## Data extract

——

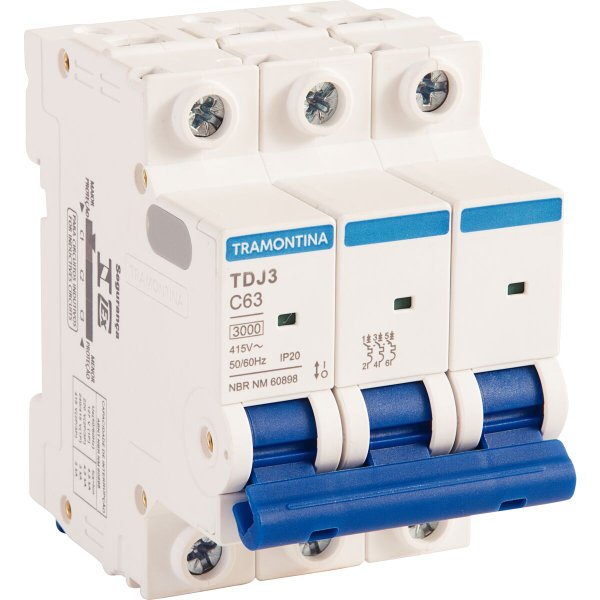 O Disjuntor Tripolar Tramontina TDJ3-3C63 é um dispositivo de segurança de alta capacidade, fundamental para a proteção de circuitos trifásicos pesados em quadros de distribuição principais ou painéis de força de médio porte.
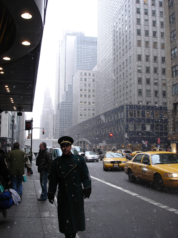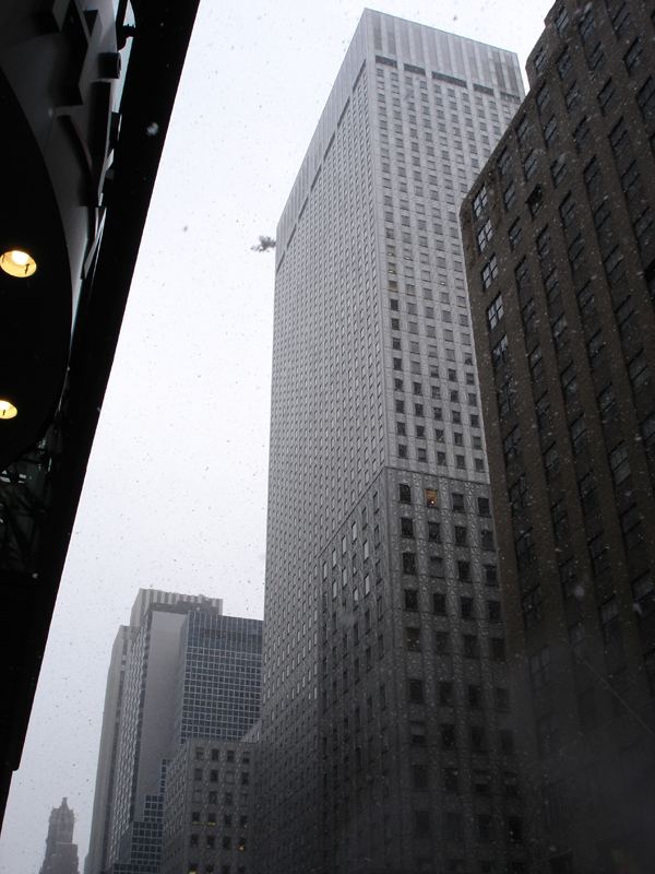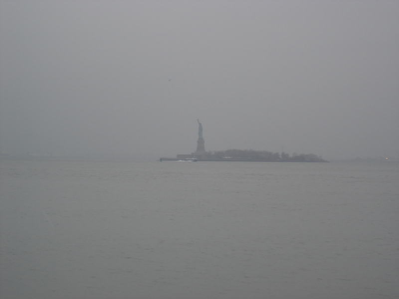 そして自由の女神に向かう。 自由の女神は島にあるので、そこに行くにはフェリーに乗らなくてはならない。 フェリー乗り場でチケットを買おうと思ったら、もう最後のフェリーの分まで売切れてしまっていて買うことができなかった。 残念だけど、雪でかすむ中遠くから自由の女神を写真に撮った。
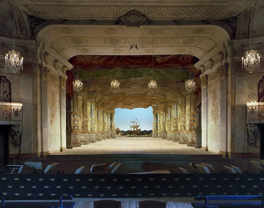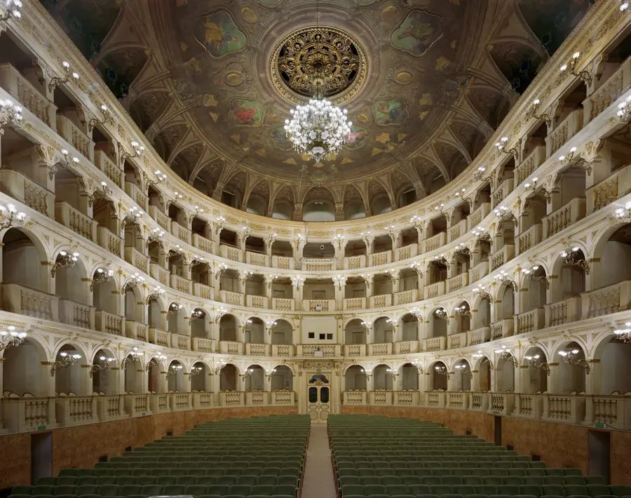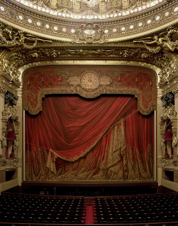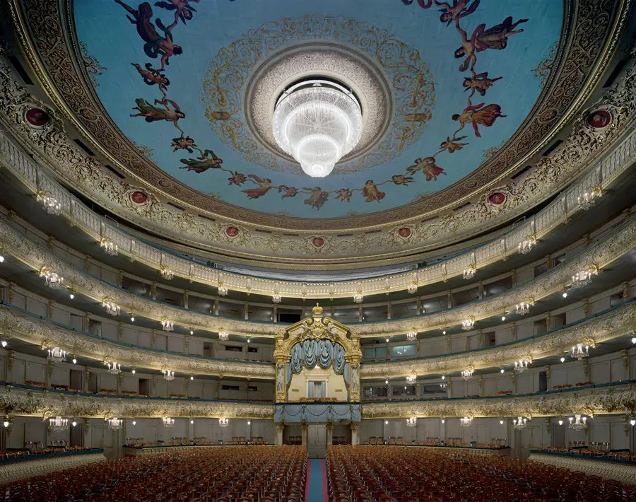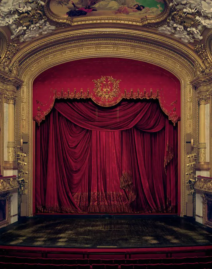 Employing both 4 x 5 and 8 x 10 inch Arca-Swiss cameras that maximize detail, Leventi creates a body of large scale photographs that document the intricate interiors of famous opera houses around the world, such as the Royal Swedish Opera in Stockholm and the Metropolitan Opera in New York. In these dramatic photographs, Leventi seeks to alter both lateral and vertical symmetry in order to flatten out the opera houses. Space, in perfect equilibrium, creates the effect of the viewer being surrounded from the spot at center stage where performers would stand. Rows of velvet seats, ornate private boxes, chandeliers and gilt decorations are captured in incredible detail and symbolize the wealth and grandeur of its respective nation.
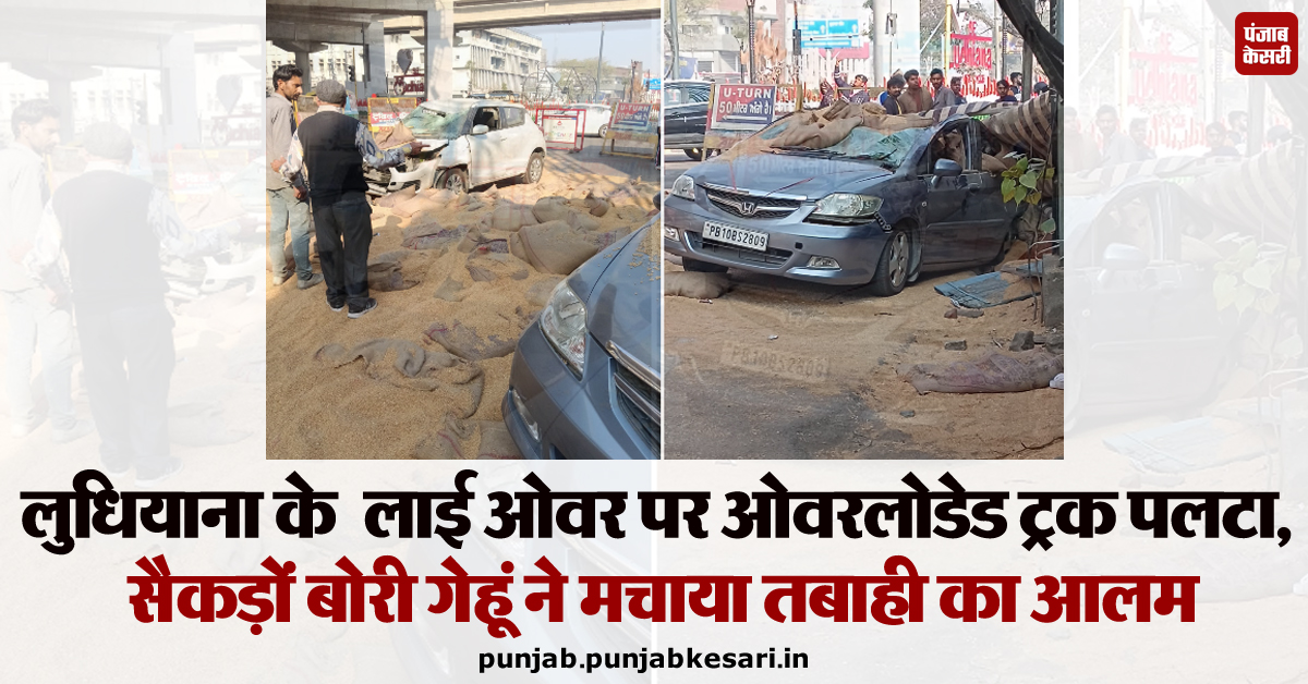 लुधियाना : महानगर के सबसे व्यस्त माने जाने वाले भारत नगर चौक फ्लाई-ओवर पर आज सुबह उस समय चीख-पुकार मच गई, जब एक ओवरलोडेड ट्रक असंतुलित होकर पलट गया। हादसे की भयावहता का अंदाजा इसी बात से लगाया जा सकता है कि ट्रक में लदी गेहूं की सैकड़ों बोरियां फ्लाई-ओवर से नीचे खड़ी गाड़ियों और दुकानों पर जा गिरीं। इस हादसे में कई कारें, मोटरसाइकिल और दुकानें बुरी तरह क्षतिग्रस्त हो गई हैं, जिससे लाखों का नुकसान होने की आशंका है।

——

## Problem to work on
Write all the lines above out again exactly, minus the images.

## Answer to this problem
 O Disjuntor Tripolar Tramontina TDJ3-3C63 é um dispositivo de segurança de alta capacidade, fundamental para a proteção de circuitos trifásicos pesados em quadros de distribuição principais ou painéis de força de médio porte.
 そして自由の女神に向かう。 自由の女神は島にあるので、そこに行くにはフェリーに乗らなくてはならない。 フェリー乗り場でチケットを買おうと思ったら、もう最後のフェリーの分まで売切れてしまっていて買うことができなかった。 残念だけど、雪でかすむ中遠くから自由の女神を写真に撮った。
 Employing both 4 x 5 and 8 x 10 inch Arca-Swiss cameras that maximize detail, Leventi creates a body of large scale photographs that document the intricate interiors of famous opera houses around the world, such as the Royal Swedish Opera in Stockholm and the Metropolitan Opera in New York. In these dramatic photographs, Leventi seeks to alter both lateral and vertical symmetry in order to flatten out the opera houses. Space, in perfect equilibrium, creates the effect of the viewer being surrounded from the spot at center stage where performers would stand. Rows of velvet seats, ornate private boxes, chandeliers and gilt decorations are captured in incredible detail and symbolize the wealth and grandeur of its respective nation.
 लुधियाना : महानगर के सबसे व्यस्त माने जाने वाले भारत नगर चौक फ्लाई-ओवर पर आज सुबह उस समय चीख-पुकार मच गई, जब एक ओवरलोडेड ट्रक असंतुलित होकर पलट गया। हादसे की भयावहता का अंदाजा इसी बात से लगाया जा सकता है कि ट्रक में लदी गेहूं की सैकड़ों बोरियां फ्लाई-ओवर से नीचे खड़ी गाड़ियों और दुकानों पर जा गिरीं। इस हादसे में कई कारें, मोटरसाइकिल और दुकानें बुरी तरह क्षतिग्रस्त हो गई हैं, जिससे लाखों का नुकसान होने की आशंका है।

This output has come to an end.